Using the records that appear below, write out exactly the lines from the one with "45. NOTE: The" through the one with "Les lots de", keeping both end lines.

+++ EXTRACTED RECORDS +++

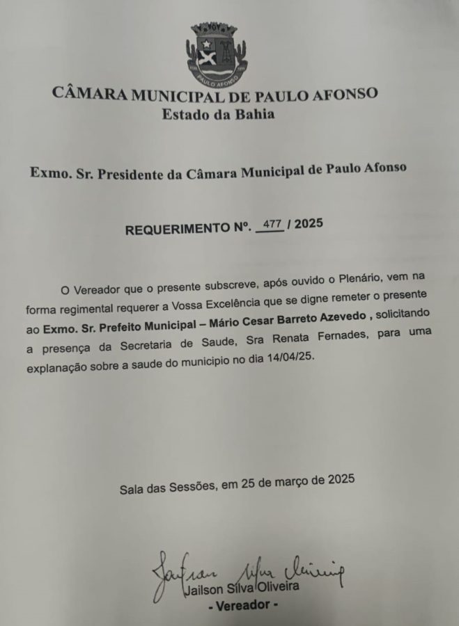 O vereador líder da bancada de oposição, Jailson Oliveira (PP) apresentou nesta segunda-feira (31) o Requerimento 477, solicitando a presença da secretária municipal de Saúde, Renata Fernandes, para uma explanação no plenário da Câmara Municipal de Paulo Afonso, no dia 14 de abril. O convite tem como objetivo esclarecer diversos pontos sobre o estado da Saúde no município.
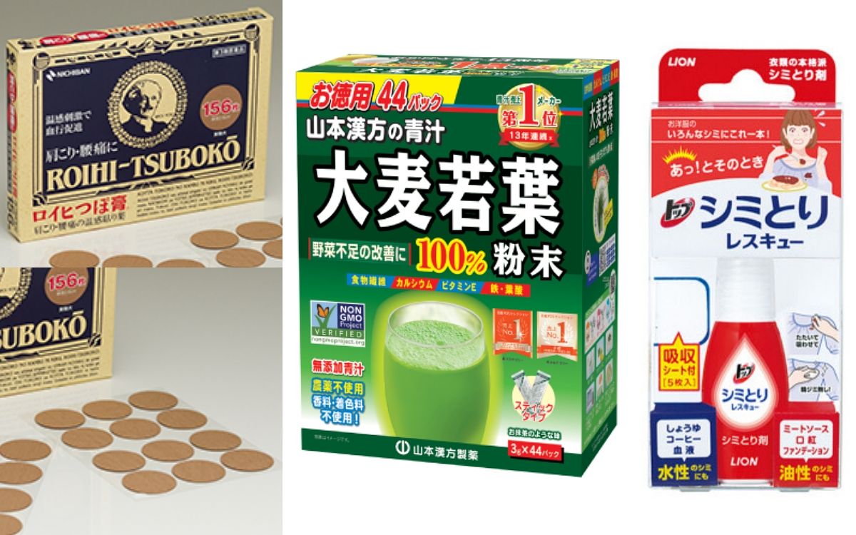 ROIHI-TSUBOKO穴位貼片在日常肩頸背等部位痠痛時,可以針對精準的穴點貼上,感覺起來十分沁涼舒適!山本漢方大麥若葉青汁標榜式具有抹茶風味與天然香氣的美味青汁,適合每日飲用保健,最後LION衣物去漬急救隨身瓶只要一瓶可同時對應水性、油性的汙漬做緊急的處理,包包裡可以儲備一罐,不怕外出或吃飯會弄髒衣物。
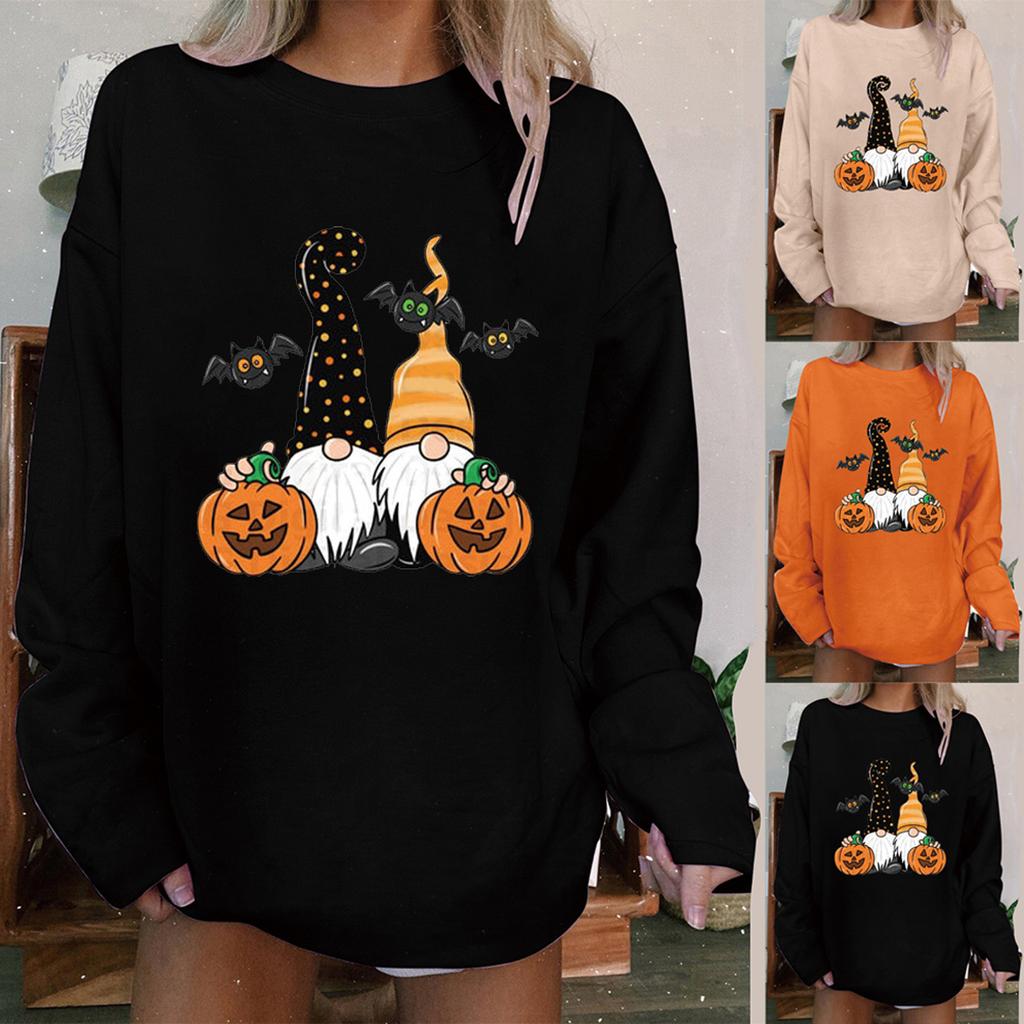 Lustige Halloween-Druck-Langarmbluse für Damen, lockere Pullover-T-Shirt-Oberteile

+++
+++ EXTRACTED RECORDS +++

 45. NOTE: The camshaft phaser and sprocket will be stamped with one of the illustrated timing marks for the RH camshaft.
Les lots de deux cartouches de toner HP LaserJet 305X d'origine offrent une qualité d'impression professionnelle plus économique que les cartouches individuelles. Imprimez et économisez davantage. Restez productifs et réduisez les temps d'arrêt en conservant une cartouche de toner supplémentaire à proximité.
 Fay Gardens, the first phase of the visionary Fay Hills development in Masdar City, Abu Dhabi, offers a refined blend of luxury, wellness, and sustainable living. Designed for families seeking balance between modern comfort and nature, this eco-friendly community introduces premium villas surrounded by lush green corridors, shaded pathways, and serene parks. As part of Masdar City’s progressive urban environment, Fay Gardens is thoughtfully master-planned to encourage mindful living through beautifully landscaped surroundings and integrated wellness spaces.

+++

YOUR RESPONSE.
 45. NOTE: The camshaft phaser and sprocket will be stamped with one of the illustrated timing marks for the RH camshaft.
Les lots de deux cartouches de toner HP LaserJet 305X d'origine offrent une qualité d'impression professionnelle plus économique que les cartouches individuelles. Imprimez et économisez davantage. Restez productifs et réduisez les temps d'arrêt en conservant une cartouche de toner supplémentaire à proximité.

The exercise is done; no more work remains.